WORK REQUEST -> Look below for the line with "Sous-verre en perles & bambou – Fait main" and the line with "le talentuose giovani"; repeat exactly those two lines and all lines between them, but no pictures.

DATA RECORDS ->
#####
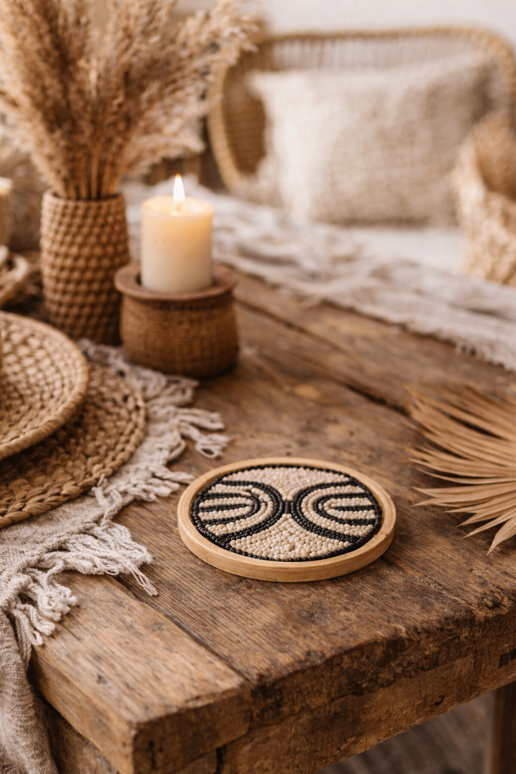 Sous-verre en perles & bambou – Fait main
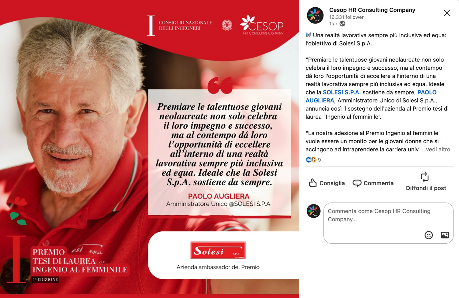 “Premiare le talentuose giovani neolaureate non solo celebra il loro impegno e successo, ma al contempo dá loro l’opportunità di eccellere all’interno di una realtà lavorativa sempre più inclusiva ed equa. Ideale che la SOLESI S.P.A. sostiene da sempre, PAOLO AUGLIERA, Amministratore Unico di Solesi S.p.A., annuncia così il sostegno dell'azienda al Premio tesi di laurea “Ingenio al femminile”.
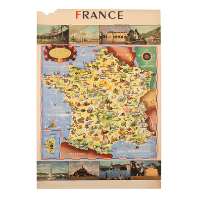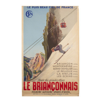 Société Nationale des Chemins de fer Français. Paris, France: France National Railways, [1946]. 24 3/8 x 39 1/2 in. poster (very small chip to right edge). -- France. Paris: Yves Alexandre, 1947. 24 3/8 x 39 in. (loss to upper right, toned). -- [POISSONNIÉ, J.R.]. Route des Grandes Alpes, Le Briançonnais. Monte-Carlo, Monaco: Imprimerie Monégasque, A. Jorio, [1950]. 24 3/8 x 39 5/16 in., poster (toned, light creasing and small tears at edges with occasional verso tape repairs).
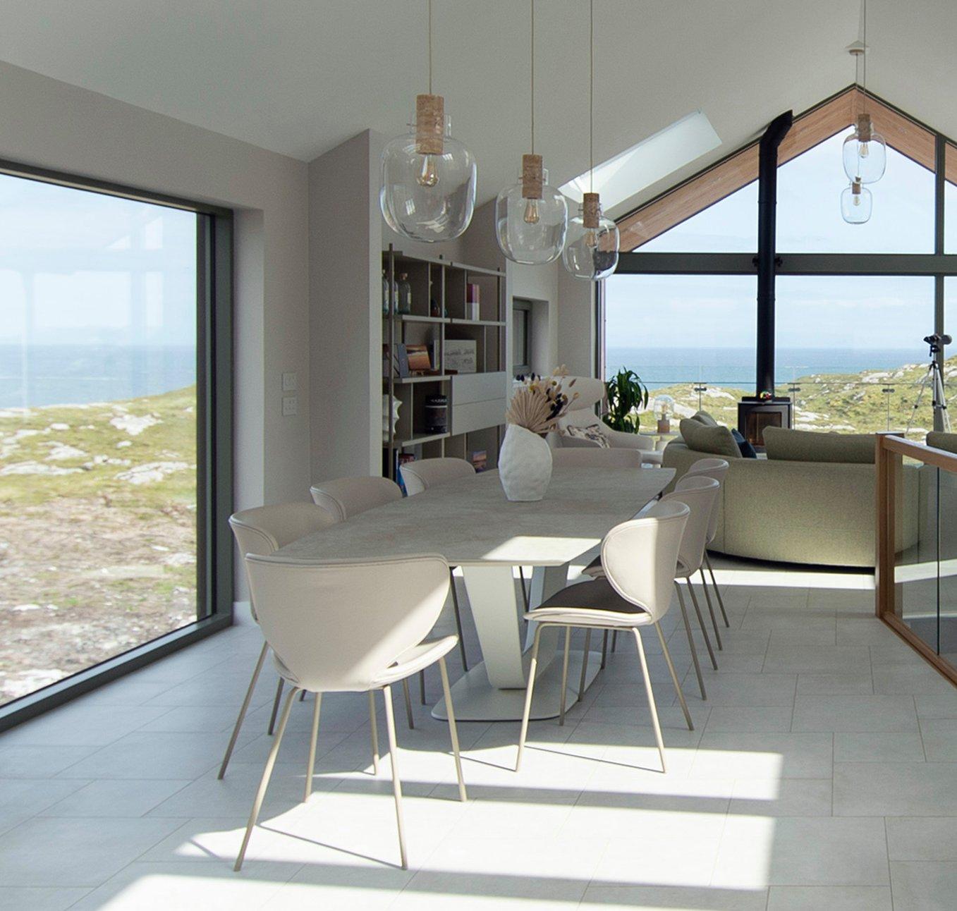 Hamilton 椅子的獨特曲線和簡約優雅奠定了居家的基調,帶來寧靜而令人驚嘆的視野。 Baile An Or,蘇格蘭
#####
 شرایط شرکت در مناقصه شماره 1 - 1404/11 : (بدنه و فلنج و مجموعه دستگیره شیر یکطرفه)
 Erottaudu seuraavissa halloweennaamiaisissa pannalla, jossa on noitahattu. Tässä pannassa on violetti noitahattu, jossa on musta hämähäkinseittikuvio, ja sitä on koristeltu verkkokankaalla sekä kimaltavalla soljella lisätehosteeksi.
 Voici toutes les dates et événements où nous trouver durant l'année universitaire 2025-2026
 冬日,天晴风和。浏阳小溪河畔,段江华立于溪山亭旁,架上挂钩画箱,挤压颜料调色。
#####
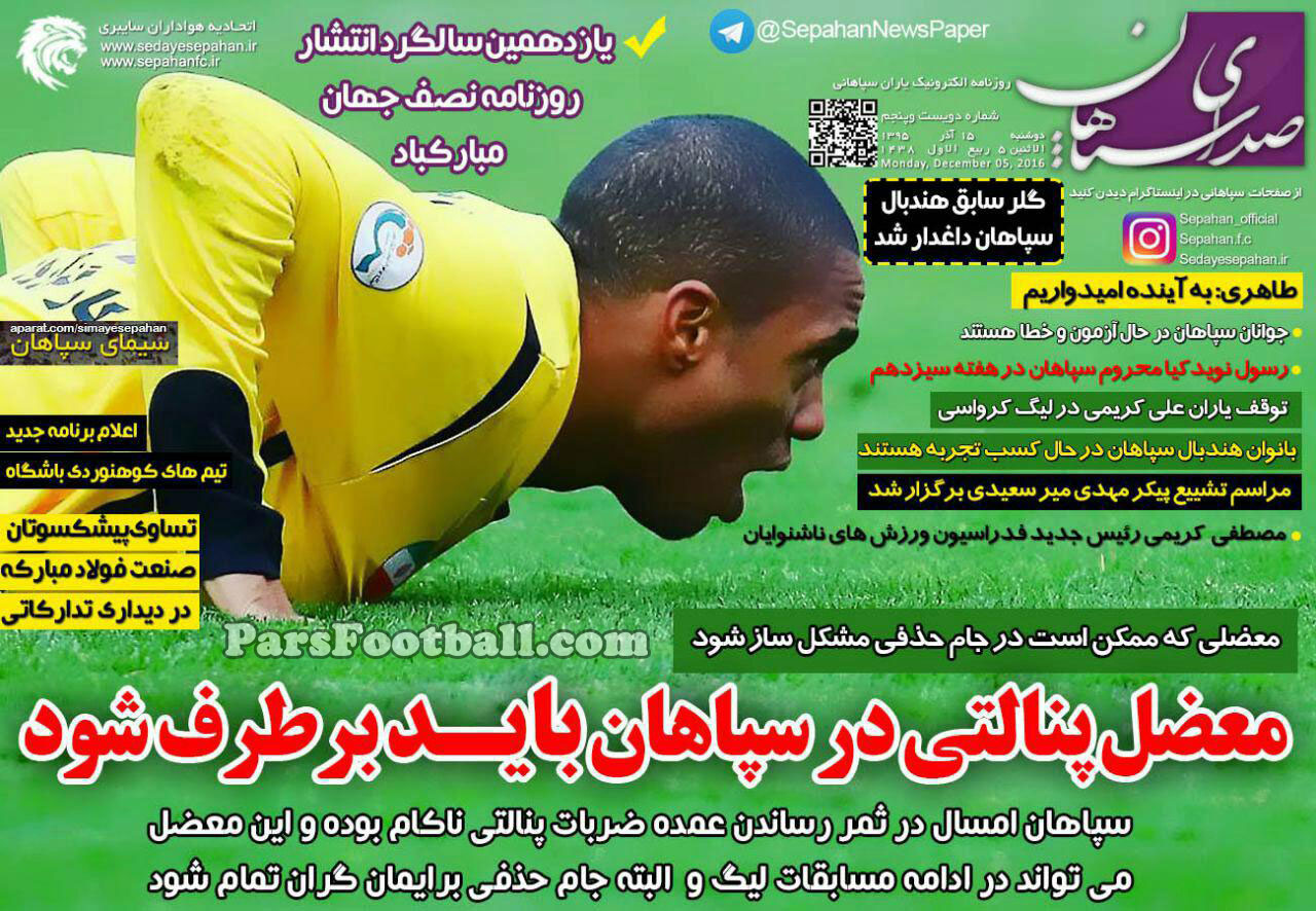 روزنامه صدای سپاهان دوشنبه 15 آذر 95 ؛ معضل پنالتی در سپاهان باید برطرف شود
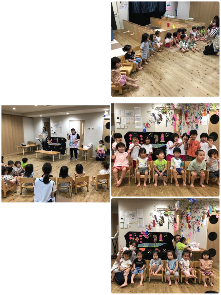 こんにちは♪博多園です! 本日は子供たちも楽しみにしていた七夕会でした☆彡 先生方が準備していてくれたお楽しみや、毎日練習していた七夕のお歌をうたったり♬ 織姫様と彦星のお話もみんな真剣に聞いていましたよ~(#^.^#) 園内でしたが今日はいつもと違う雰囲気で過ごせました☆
#####
EXPECTED ANSWER ->
 Sous-verre en perles & bambou – Fait main
 “Premiare le talentuose giovani neolaureate non solo celebra il loro impegno e successo, ma al contempo dá loro l’opportunità di eccellere all’interno di una realtà lavorativa sempre più inclusiva ed equa. Ideale che la SOLESI S.P.A. sostiene da sempre, PAOLO AUGLIERA, Amministratore Unico di Solesi S.p.A., annuncia così il sostegno dell'azienda al Premio tesi di laurea “Ingenio al femminile”.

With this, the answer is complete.